Puppy like chewing... i know that but it seems like whenever I tell him not to nibble me, he'll start nibbling himself!! Is this normal? should i be worried that he might hurt himself?


----------



## rannmiller (Jun 27, 2008)

Give him something appropriate to nibble on instead of you or himself. That should help!


----------



## Rexandbaby (Aug 4, 2008)

Is he nibbling like he is chasing fleas? Rex, used to do that to me, and it was his way of wanting to play, and telling me he loved me. I had to keep toys on hand, because, man, sometimes it hurt!


----------



## rockymtsweetie82 (Jul 24, 2008)

My puppy is constantly chewing on either someone, something, or himself. It is totally normal. Just give him a tasty rawhide or a kong filled with frozen peanut butter. They'll learn pretty quickly that that rawhide or kong is much better tasting!


----------



## 00BabyBunny00 (Jan 2, 2009)

he's go lots of chew toys. Small kong and medium kong stuff with cheese, a "grass" ball which I covered with peanut butter. But he doesn't even touch them. The only time he licks off the peanut butter is when I hold it and give it to him?! 

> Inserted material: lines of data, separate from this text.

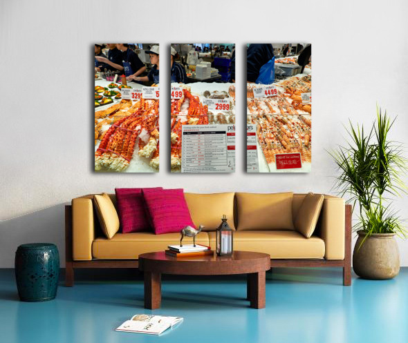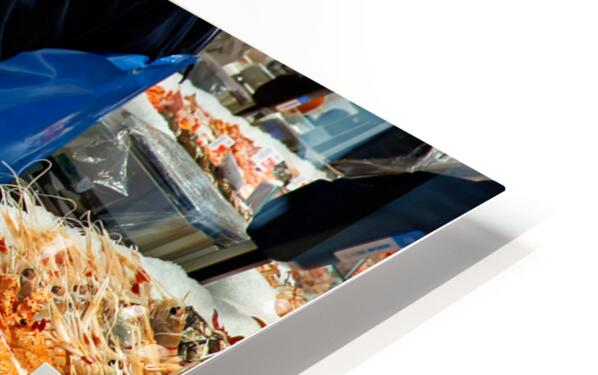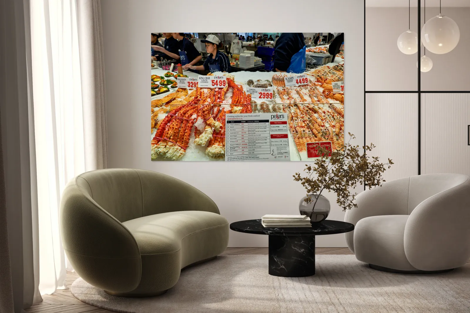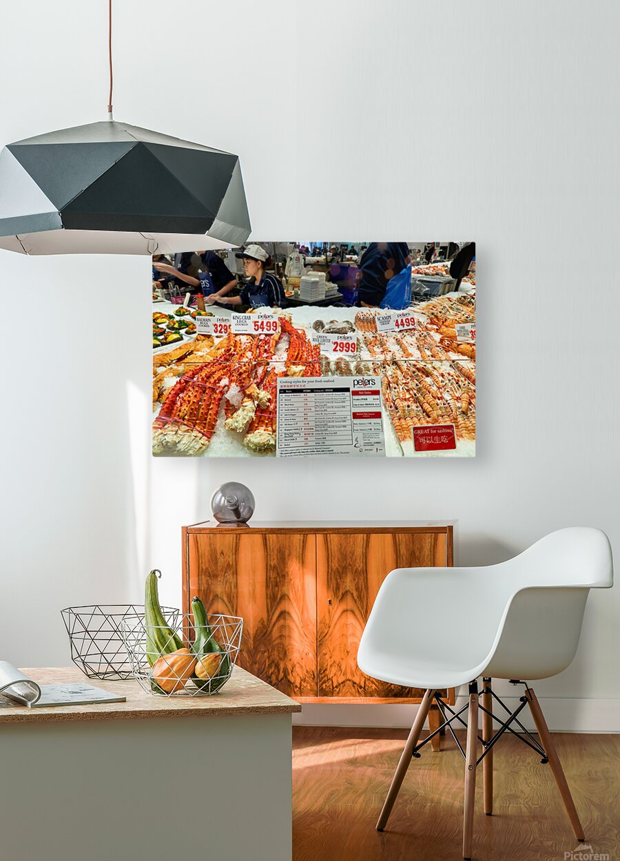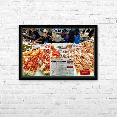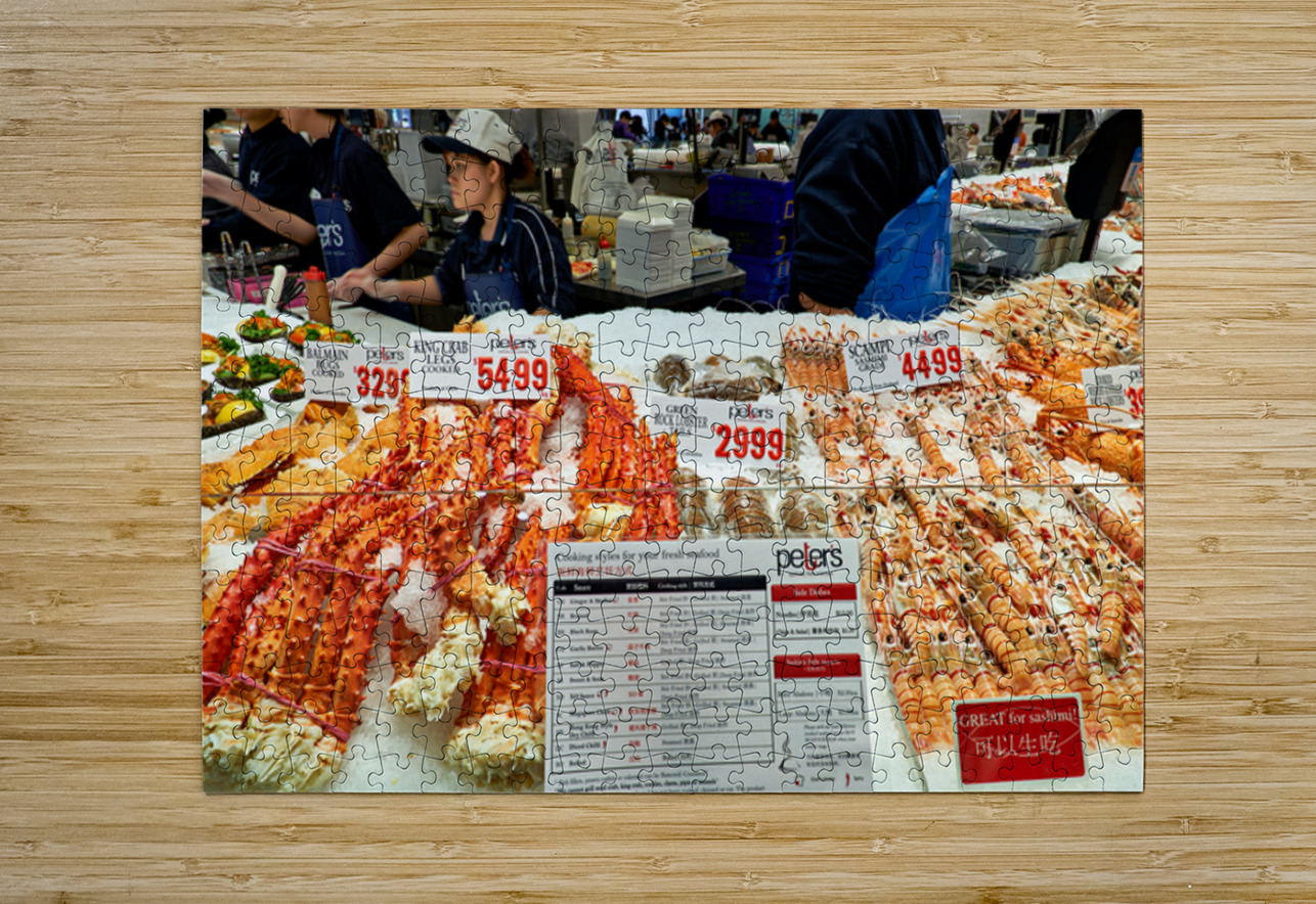 Sydney Fish Market staff serve customers with fresh seafood including king crab legs scampi and lobsters. The market offers various cooking styles and
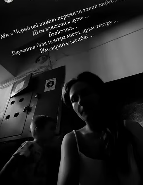 «Ми в Чернігові, щойно пережили такий вибух. Діти злякалися дуже. Балістика. Влучання біля центру міста, драмтеатру», — підписала світлину, на якій зображена із сином у під'їзді будинку, Денисенко.
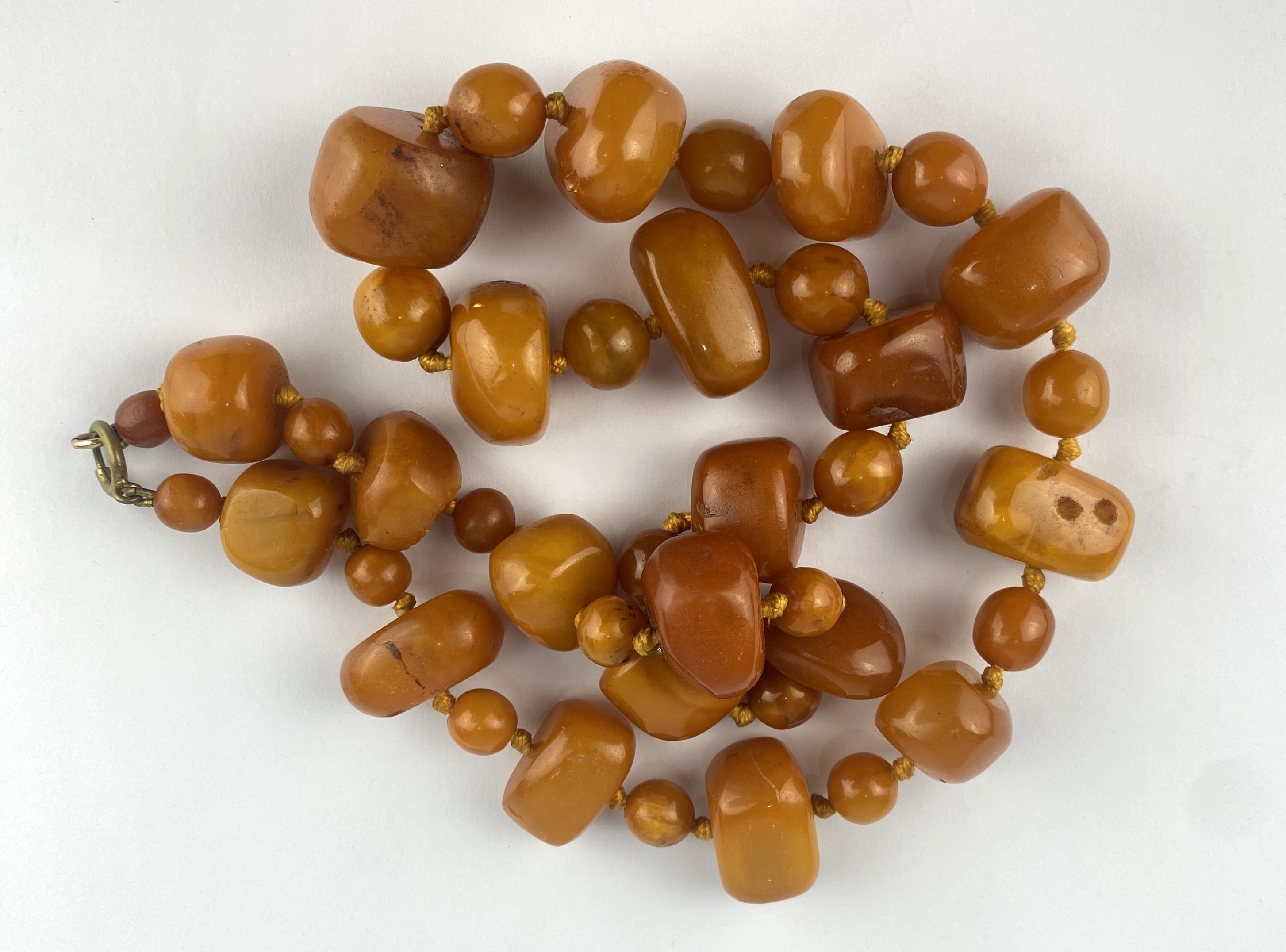 A single row necklace of vari-coloured butterscotch opaque amber beads gross weight 124g
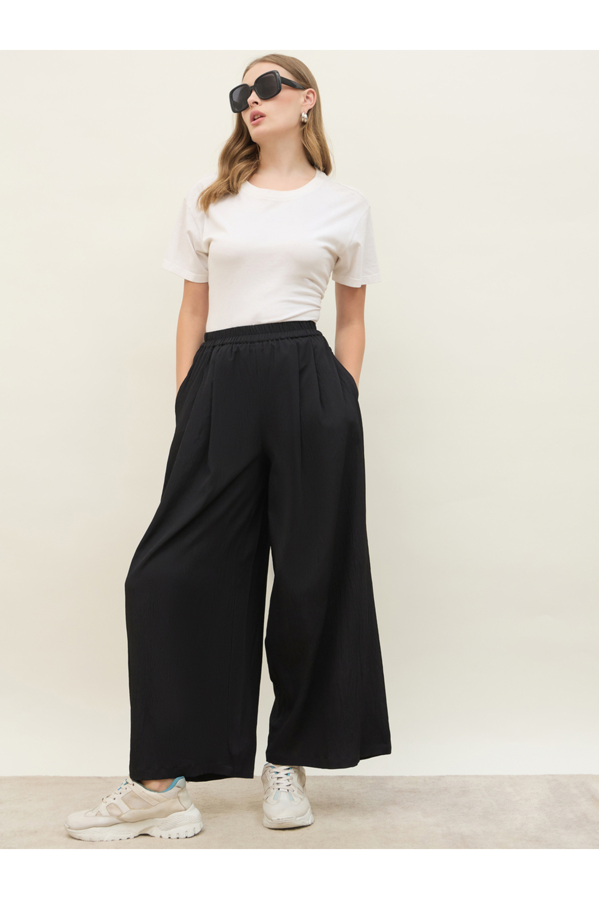 Styli بنطال واسع الساق متوسط الارتفاع
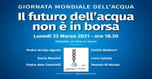 In occasione della Giornata Mondiale dell’Acqua, lunedì 22 Marzo, alle ore 18.30 il Forum Italiano dei Movimenti per l’Acqua organizza il dibattito on line “Il futuro dell’acqua non è in Borsa” a cui parteciperanno: Pedro Arrojo-Agudo (Relatore Speciale delle Nazioni … Leggi tutto Giornata mondiale dell’acqua: il futuro dell’acqua non è in Borsa
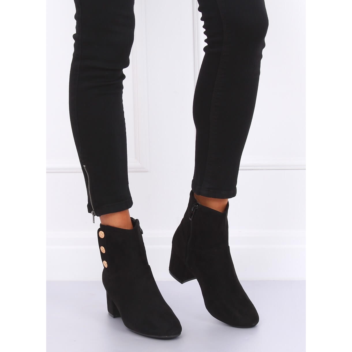 Botinele negre cu toc YL51 Black sunt alegerea perfectă pentru fiecare femeie care apreciază eleganța și confortul în utilizarea de zi cu zi. Confectionate din piele intoarsa ecologica de inalta calitate, aceste cizme clasice incanta prin simplitatea si detaliile subtile, precum nasturii decorativi aurii asezati pe partea superioara.
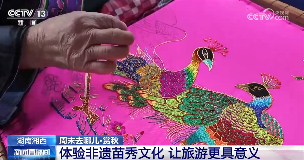 “下地干活式旅游”还能与非遗亲密接触,游客能够直观体验“五彩丝线”在绣绷上翻飞,村子里绣娘们不仅会演示针法,还会讲解苗绣图案背后的文化内涵。像“蝶花纹”代表苗族对自然的崇拜,“万字纹”寓意平安吉祥。在绣娘们的帮助下,游客们可以很轻松地完成穿针引线,在一针一线中感受苗绣的特色。
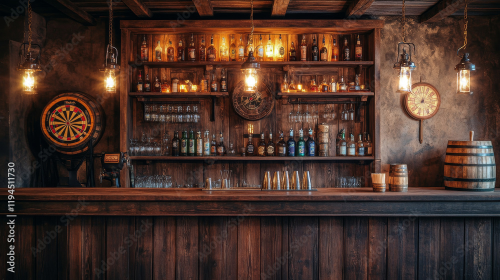 Old tavern, vintage pub with wooden bar counter, shelf with bottles, glow lanterns and beer mug on table. Vector cartoon empty interior of retro saloon with barrel and darts target at night #1194511730
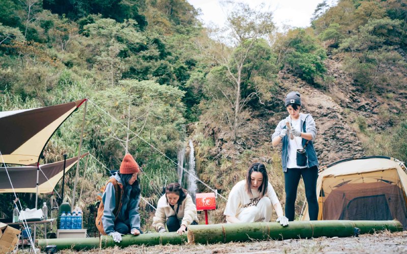 林心如談起露營過程中,需要完成砍竹子並做竹筒飯的任務,她表示:「竹子有大有小,有一次的竹子特別大,一刀一刀去鋸出竹筒,真的很難,但又得做不然沒飯吃。」楊謹華、郭雪芙則是帶著越鋸越苦的表情,楊謹華笑說不想再看到竹筒飯,郭雪芙坦言當下心情是吃個飯,真不簡單。江宜蓉談起上山採竹子的過程:「是全新的體驗,竹林非常漂亮,是很窄的小道,像是去探險,蠻好玩。」謝瓊煖則透露自己很喜歡去砍竹子,因為可以再去探索周遭的環境。
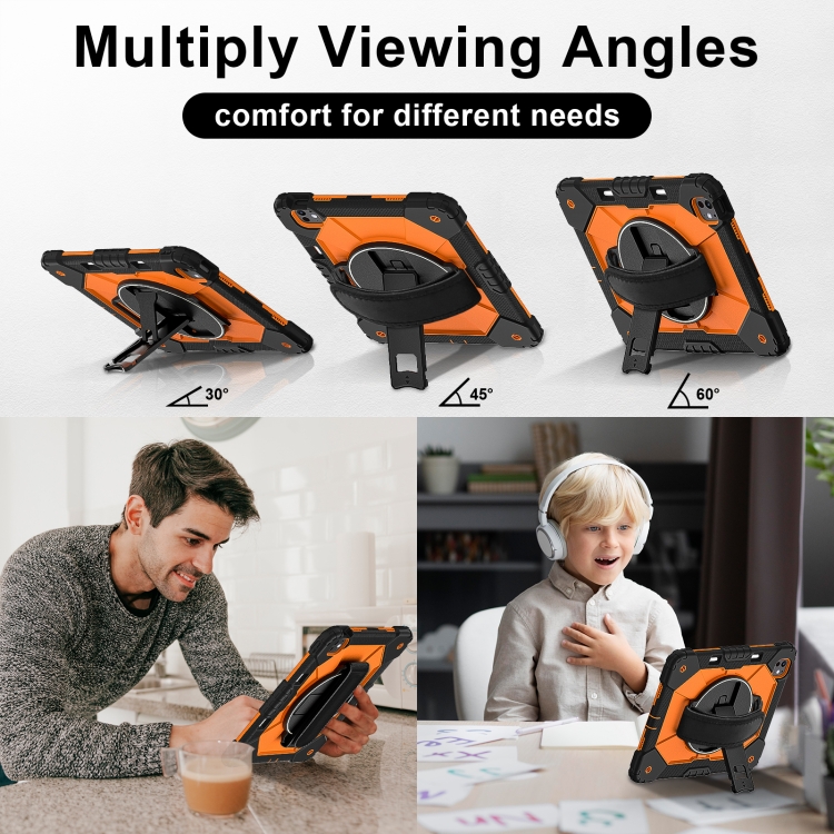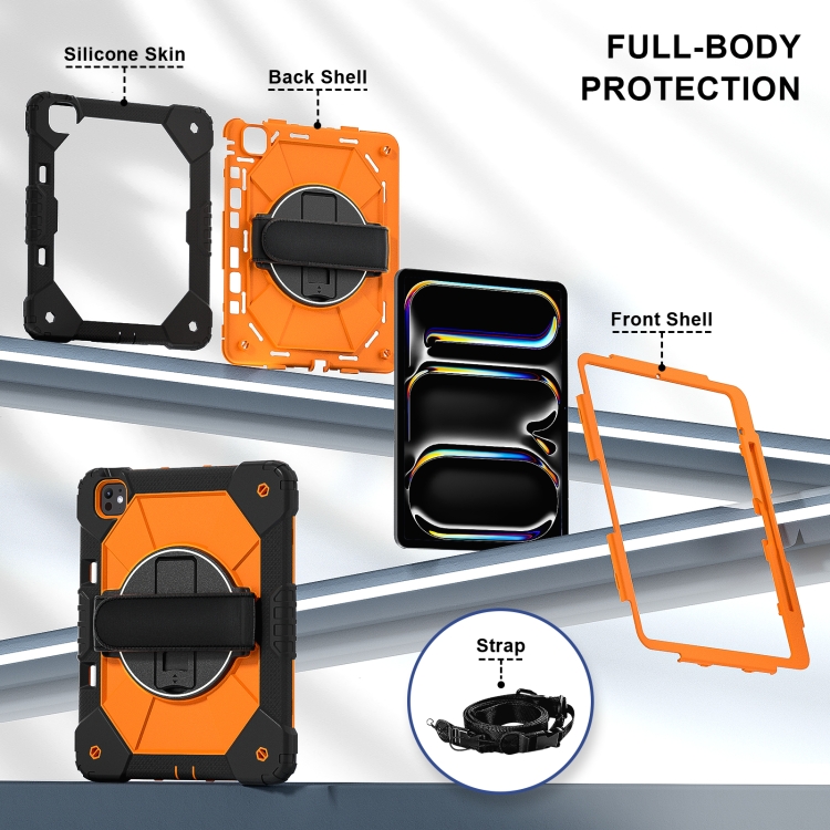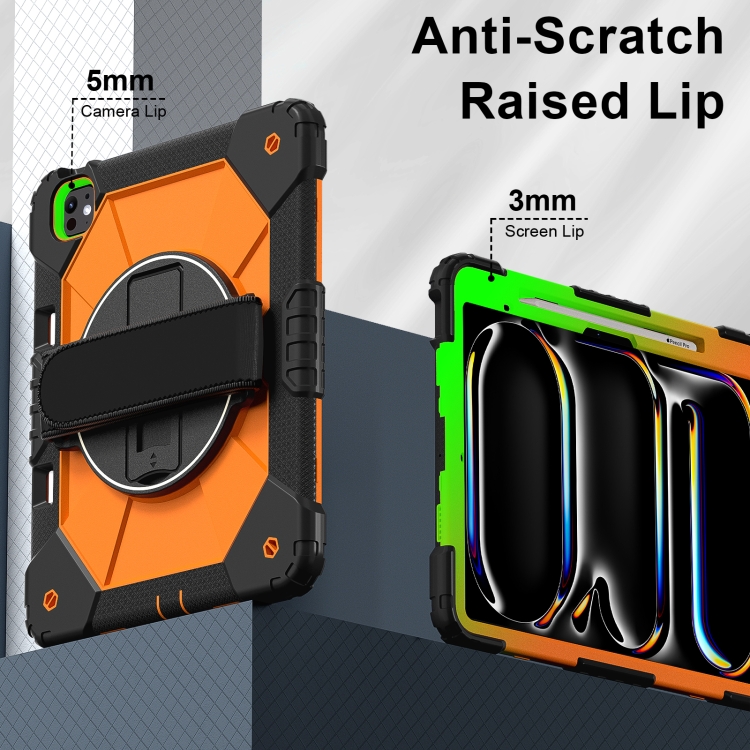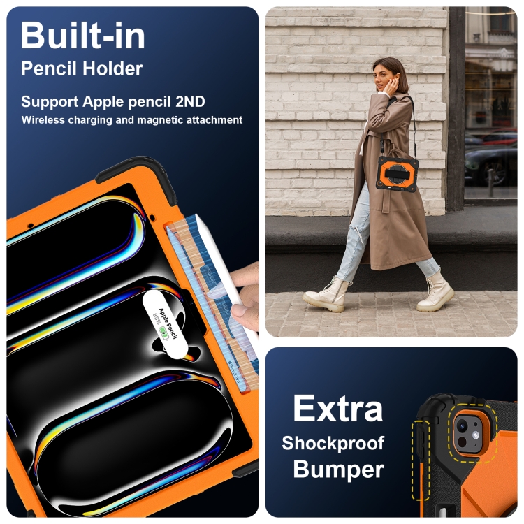 Funda híbrida de silicona con diseño de robot para iPad Pro 13 (2024) (Negro y Naranja)
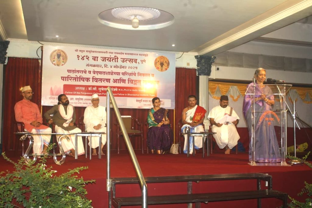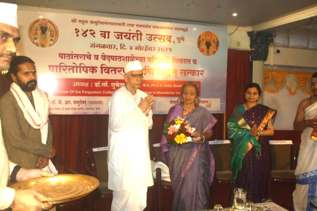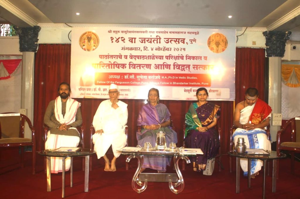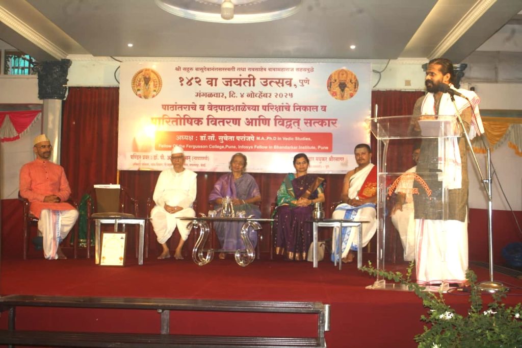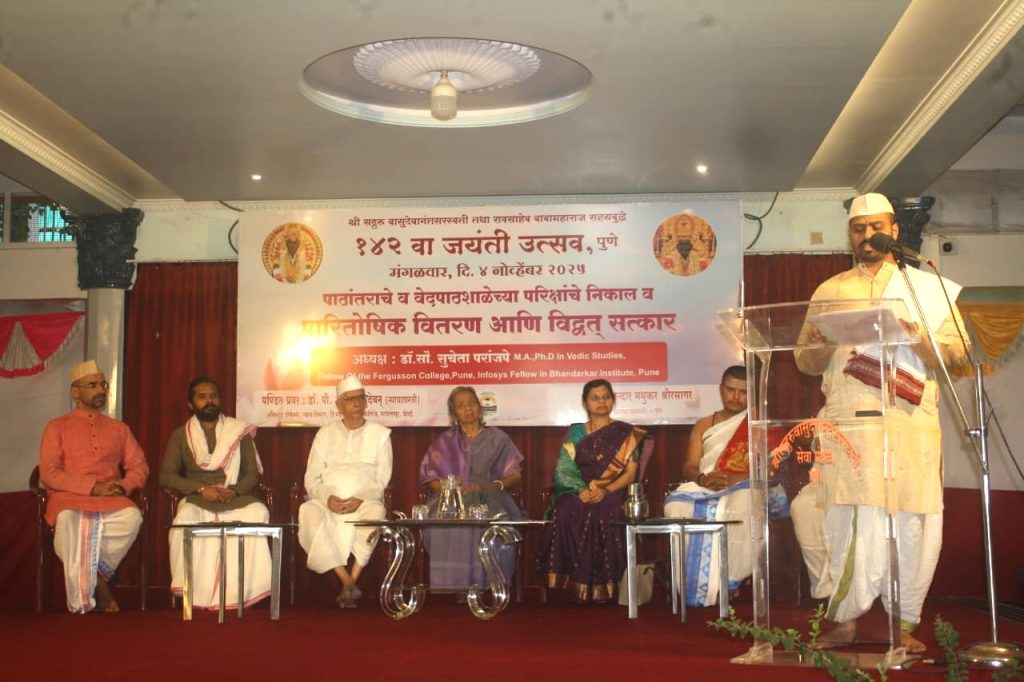 On 04 November 2025, a special prize distribution and scholarly felicitation ceremony was organized to mark the Jayanti of Parampoojya Vasudevanand Saraswati (Tembe Swami). The event celebrated the achievements of students who participated in various competitions and Vedic examinations held in his honor.

I use puppy pad and sometimes his paws smell a little like dried pee. Do you think that's the cause as well? I give his paws a sponge bath with a wet towel every night. Hope he's not going to cause himself any harm...


----------



## ChattyCathy (Nov 22, 2008)

Chewing is normal puppy behavior. You might want to try to divert his attention away from your hand or whatever you don't want him to chew w/something that he can chew. I thought my puppy would never learn to leave our hands alone. It seemed like it took forever, but I kept at it and praised alot and now she's 1 1/2 yrs old and doesn't chew on us anymore.


----------